I suggest rather than leasing, look to buy. There are a lot of used car dealers in the Chicago area that deal with bad credit. It may be possible to get a car for a lot less than with a lease. Car will be older but get one that will meet Uber's age requirements for a few years.


----------



## ZoomZoom12 (Mar 14, 2017)

I know someone who drives full time with an xchange lease..its really not as horrible as it seems.

Pros:
-unlimited mileage means you dont bite the cost of depreciation and wear and tear on your car
-your only expense is gas and insurance which shouldn't total more than 80-100/week
-The lease covers maintenance and I believe basic repairs (don't know exact details but I know there is basic coverage)

Cons:
-expensive, anywhere from 100-200 per week. If you can find something 3-4 years old you might be able to stay under 120/week
-must drive alot. Since you said you are doing it full time, if you know your city well and how to position yourself in surge areas, you could reasonably do between 700-1000 per week driving 40-50 hrs.
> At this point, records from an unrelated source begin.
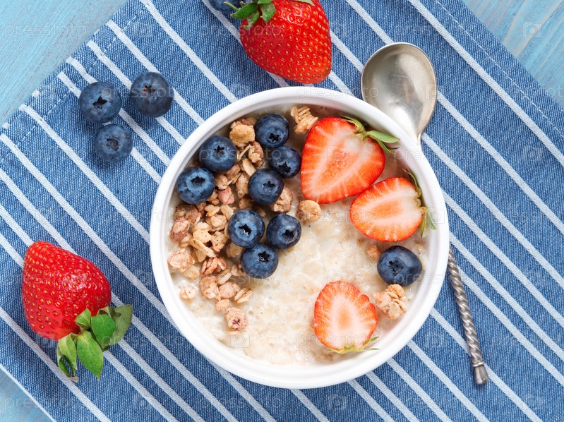 Овсяная каша со свежей клубникой, черникой, гранолой на синем фоне. Здоровый завтрак. Вид сверху, крупный план
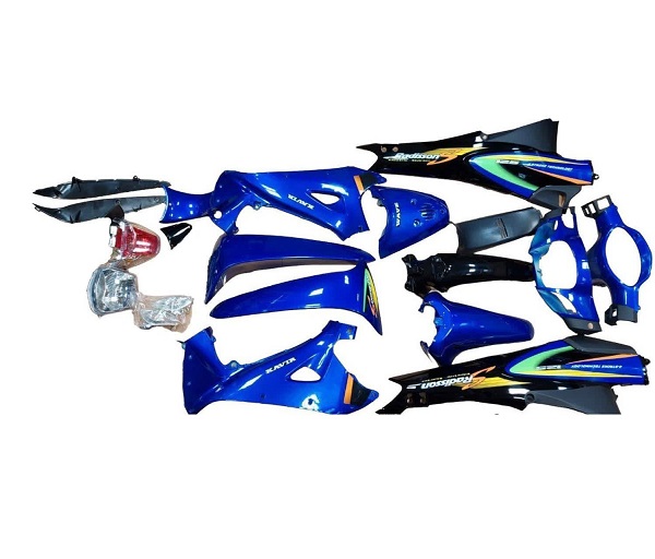 قاب کاور ست کامل بدنه موتور سیکلت طرح ویو ایرانی ( خطر راهنما بلوری و برچسب ) آبی
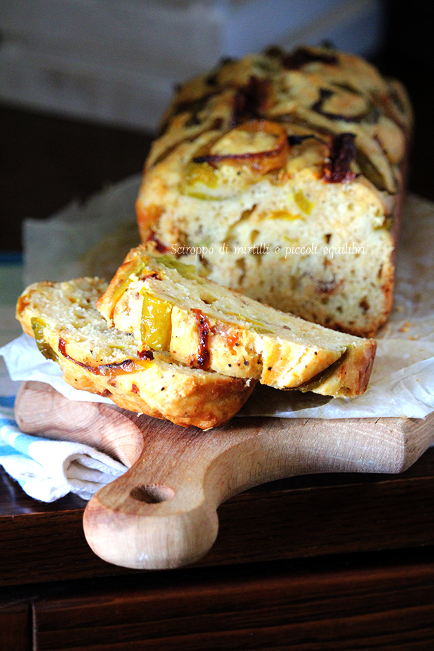 Si versa il composto in uno stampo da plumcake ricoperto di carta da forno. Sulla superficie si adagiano le strisce di peperone e di pomodori secchi.
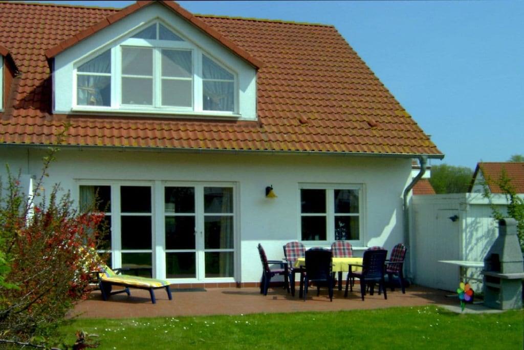 Geräumiges 4-Sterne-Ferienhaus auf Rügen mit Kamin, moderner Küche und Garten für erholsamen Familienurlaub.
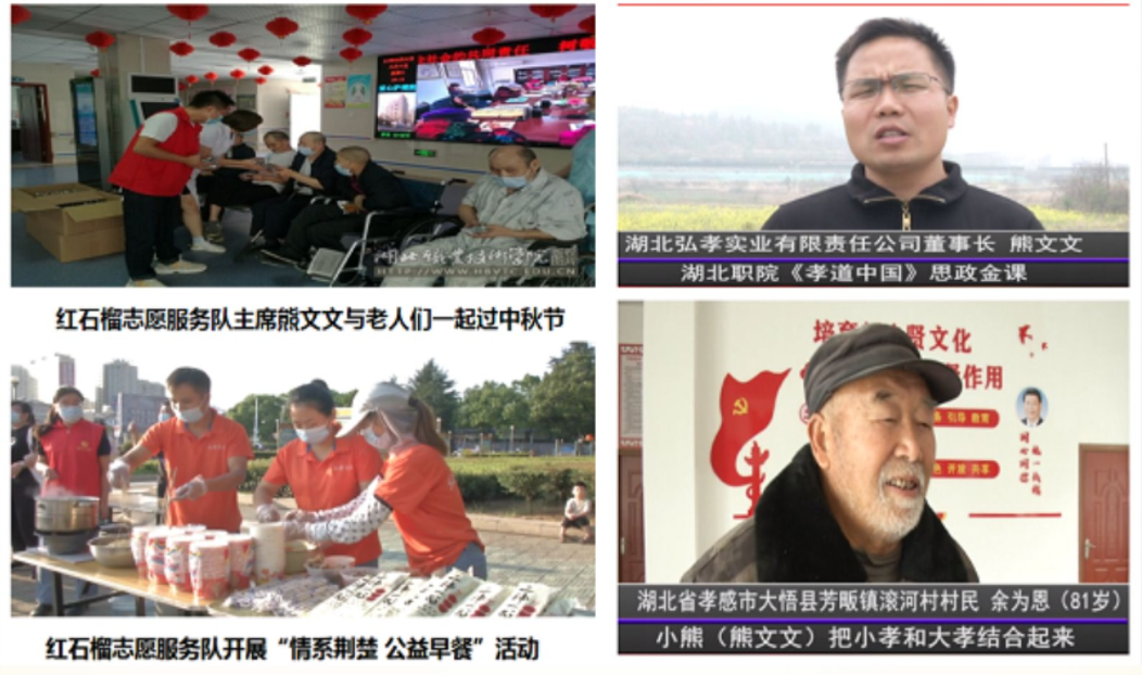 熊文文,湖北职院财经与旅游学院2023届毕业生,大悟县芳畈镇徐楼村人。他以强烈的使命感汲取文化之泉,赓续红色血脉,向上向善而行,十七年如一日,照顾遭遇车祸的父亲,休学两年共用六年时间取得全日制大学本科文凭,用三年时间在湖北职院学习技能,把工厂建在村里,推进农产品深加工,带动一二三产业融合发展,形成产业链,吸收乡亲们在家门口就业,在工厂区创办徐楼村“幸福食堂”,解决高龄老人吃饭难问题,常年为大悟县其它“幸福食堂”捐赠生活物资,让老人们乐享幸福滋味。2020年9月,当选第十一届孝感市“十大孝子”;2020年11月,当选第六届孝感市“道德模范”;2022年9月,当选中国大学生自强之星;2024年3月,获评孝感五一劳动奖章;2023年7月,获评“中国网事·感动人物”。
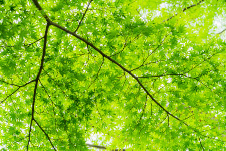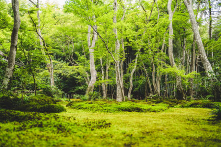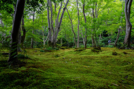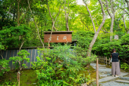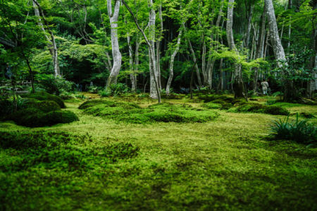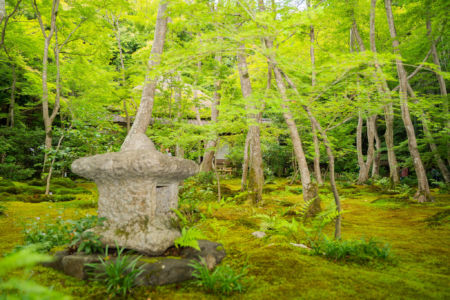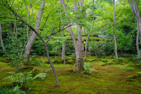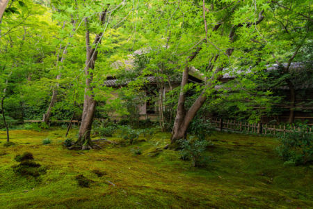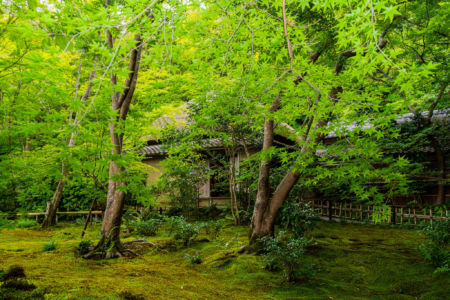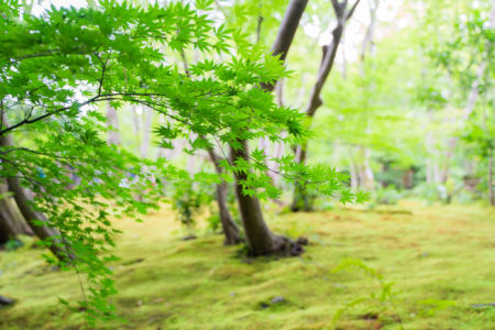 緑豊かで風情があり美しい苔の庭園を楽しむことができます。青もみじに覆いつくされた空間が広がっています。
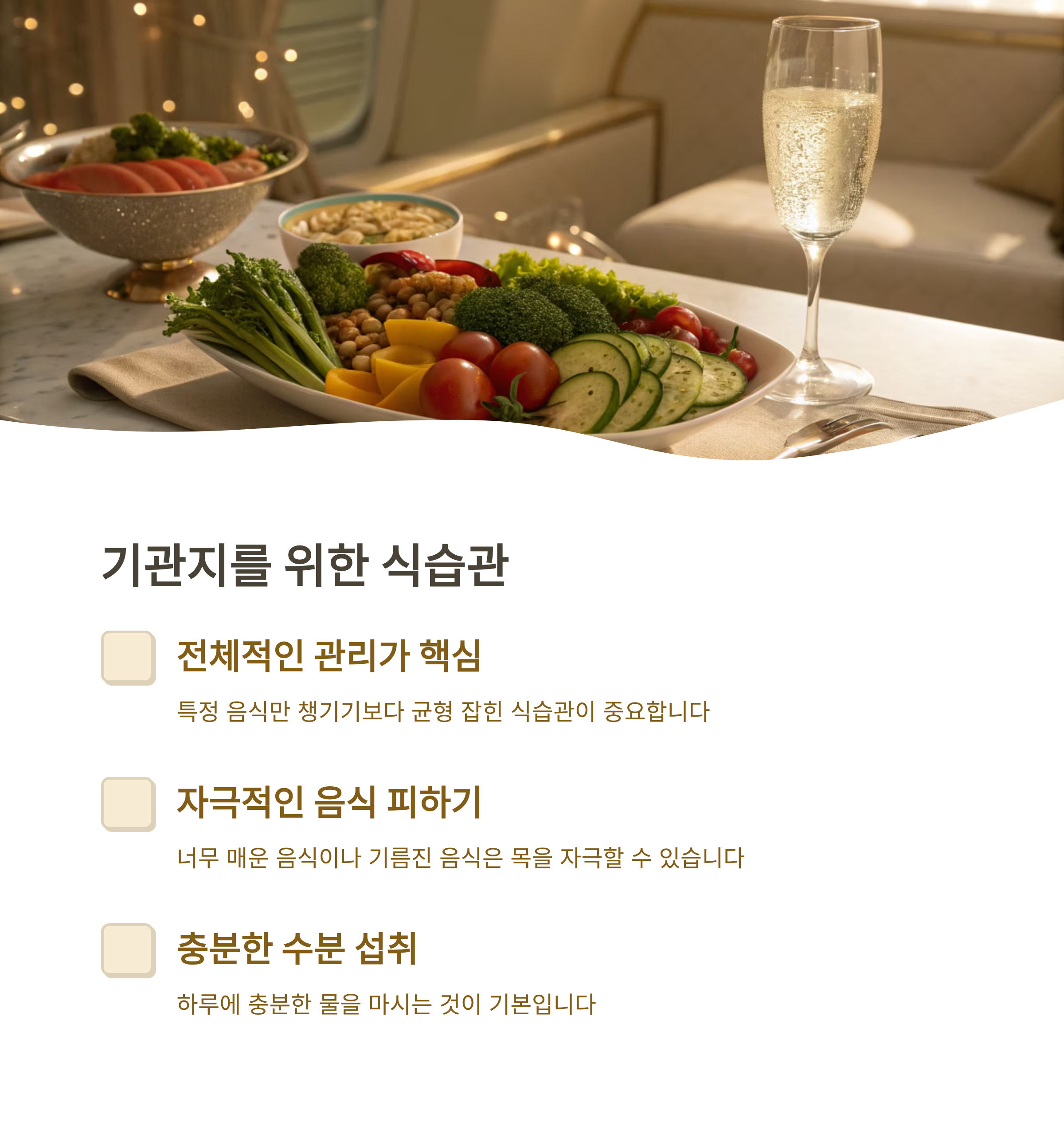 기관지 건강을 지키기 위해서는 특정 음식만 챙기기보다 전체적인 식습관 관리가 중요합니다. 너무 매운 음식이나 기름진 음식은 목을 자극할 수 있으므로 피하는 것이 좋고, 하루에 충분한 수분을 섭취하는 것이 기본입니다.
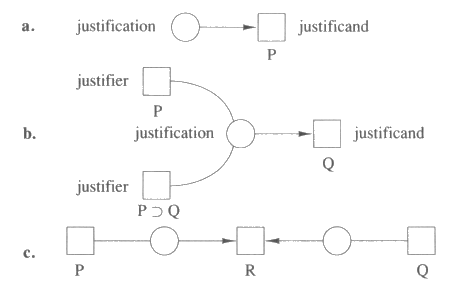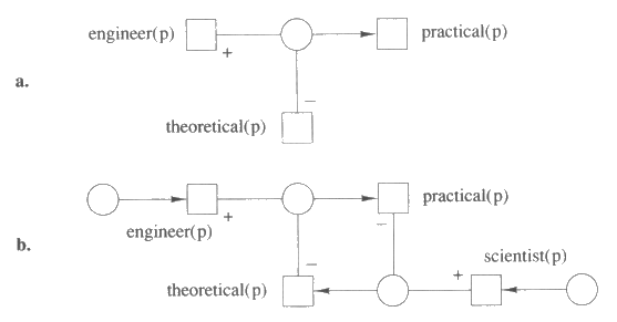 예를 들어, 모든 기술자들은 그가 특별히 이론적인 사람이라고 알려지지 않은 한 대체로 실용적인 성향을 갖는 것으로 여겨진다고 가정해 보자. 특정한 사람 p 에 대해 이 규칙은 그림 19a 와 같이 표현된다. 여기에서 + 로 표시된 노드는 IN justifier 이고 - 로 표시된 노드는 OUT justifier 이다. 그림 19a 는 engineer (p) 가 데이터베이스에 있고 theoretical (p) 가 데이터베이스에 없을 때 practical (p) 가 데이터베이스에 존재해야 한다는 사실을 명시하고 있다.

If you feel confident in your earning ability, then you might be able to profit 500-600 per week. Only you know if that is enough for you to live on. You can also do lyft with your uber lease to maximize your time. 

Now if you don't mind having an obligation for the next 4-5 years, see if you can get financed for a cheap fuel efficient car, at most with horrible credit and a decent down payment your monthly cost for your vehicle will be half as much as an uber lease. So in short, think about all of your circumstances (monthly expenses, future employment outlook, etc..) and don't make a quick decision without considering every aspect.


----------